MATO GROSSO
TJMT publica a 32ª edição do Ementário Eletrônico com julgados selecionados
MATO GROSSO
O Tribunal de Justiça de Mato Grosso (TJMT) disponibilizou a 32ª edição do Ementário Eletrônico, publicação que reúne decisões relevantes proferidas pelos órgãos colegiados da Corte e facilita o acesso à jurisprudência mais recente do Judiciário estadual.
A publicação organiza os julgados por ramos do Direito e temas específicos, tornando a pesquisa mais prática e eficiente para magistrados, servidores, advogados, integrantes do Ministério Público, defensores públicos, estudantes e demais interessados em acompanhar os entendimentos consolidados pelo Tribunal.
As decisões que integram o ementário são indicadas pelos desembargadores e desembargadoras que compõem os órgãos colegiados e passam por criteriosa análise técnica do Núcleo de Jurisprudência, responsável pela seleção e organização do conteúdo.
Instituído pela Portaria Conjunta TJMT nº 5/2023, o Ementário Eletrônico foi criado para ampliar a divulgação da jurisprudência do Tribunal, incentivar a uniformização dos entendimentos judiciais e oferecer uma ferramenta de pesquisa acessível, contribuindo para o fortalecimento da segurança jurídica.
Além de servir como referência para profissionais do Direito, a publicação também permite que qualquer cidadão acompanhe as decisões de maior relevância proferidas pelo Tribunal de Justiça de Mato Grosso.

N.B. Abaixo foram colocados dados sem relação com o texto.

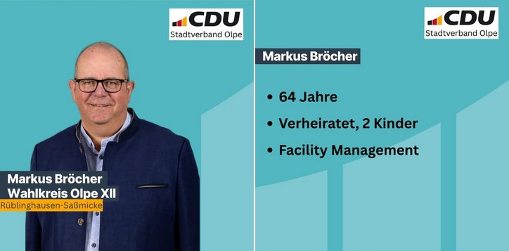 Markus Bröcher hat Ausdauer. Beharrlich kämpft er für Rüblinghausen und Saßmicke. Der stellvertretende Bürgermeister ist in vielen Vereinen aktiv. Besonders viel Arbeit investierte er als Kreisoberst des Kreisschützenbundes Olpe und als stellvertretender Bundesoberst des Sauerländer Schützenbundes in das Schützenwesen. In beiden Verbänden ist er inzwischen als Ehrentitelträger noch aktiv. Durch seine vielen Kontakte kennt er die Probleme des Ehrenamtes und der heimischen Vereine. Besonders die Schaffung neuer Wohnbauflächen in Rüblinghausen und Saßmicke für junge Familien sind in seinem Fokus. Schwerpunktthemen seiner Ratsarbeit sind weiterhin die Sportstätten- und Dorfhäuserförderung sowie die Schulentwicklung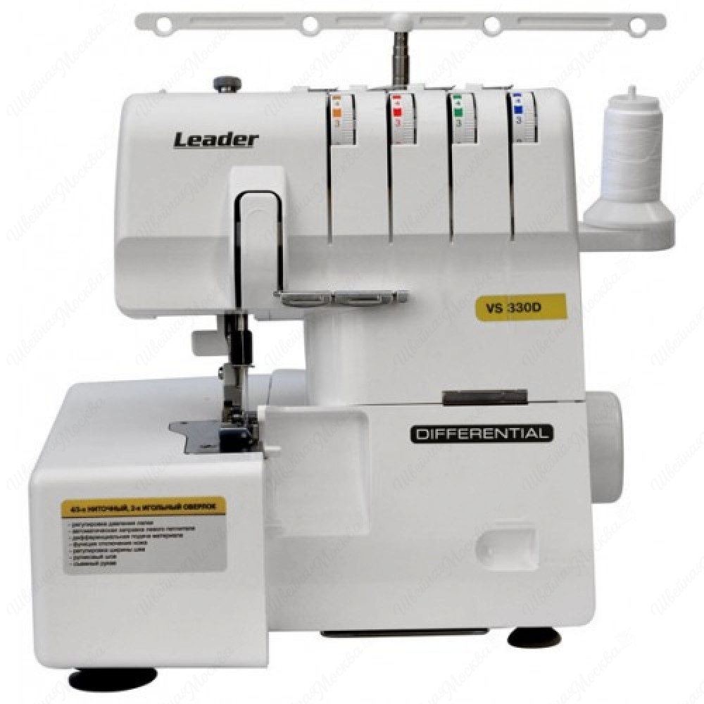 Оверлок LEADER VS 330D - модель для применения в быту или в малом производстве, работающая с тремя или с четырьмя нитями и создающая 1200 стежков в минуту. Он одинаково хорошо справляется со сшиванием тонких и эластичных шифоновых тканей, выполняя незаметный роликовый шов, и прочных джинсовых. Оверлок имеет механизм дифференциальной подачи материала и дает возможность растягивать или собирать ткань при шитье, что особенно важно при обработке трикотажа.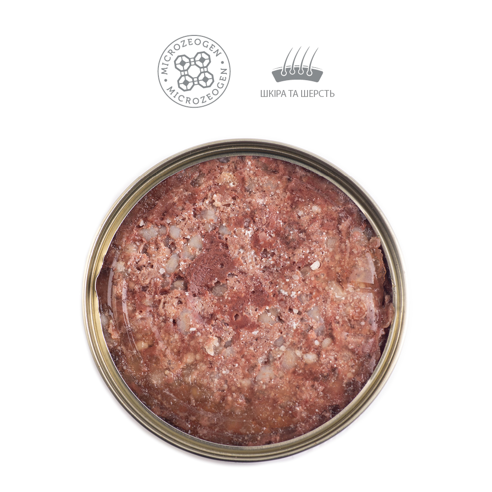 Склад: м'ясо та субпродукти тваринного походження (67% баранина), крупи (3% рис), мінеральні речовини 1% (0,1% кліноптилоліт), олії та жири (0,1% лляна олія).

A 32ª edição já pode ser consultada no endereço: https://jurisprudencia.tjmt.jus.br/portal-ementario?edicao=32&ano=2026
A iniciativa integra as ações de transparência e inovação do Poder Judiciário de Mato Grosso, ampliando o acesso às decisões judiciais e promovendo a disseminação do conhecimento jurídico.
Principais assuntos desta edição:
Recuperação Judicial: Arrendamento rural não caracteriza exercício da atividade rural.
Superendividamento: STF mantém parâmetro de R$ 600 para ações de superendividamento.
Plano de Saúde: Vínculo entre médico e paciente não obriga custeio fora da rede credenciada sem risco comprovado.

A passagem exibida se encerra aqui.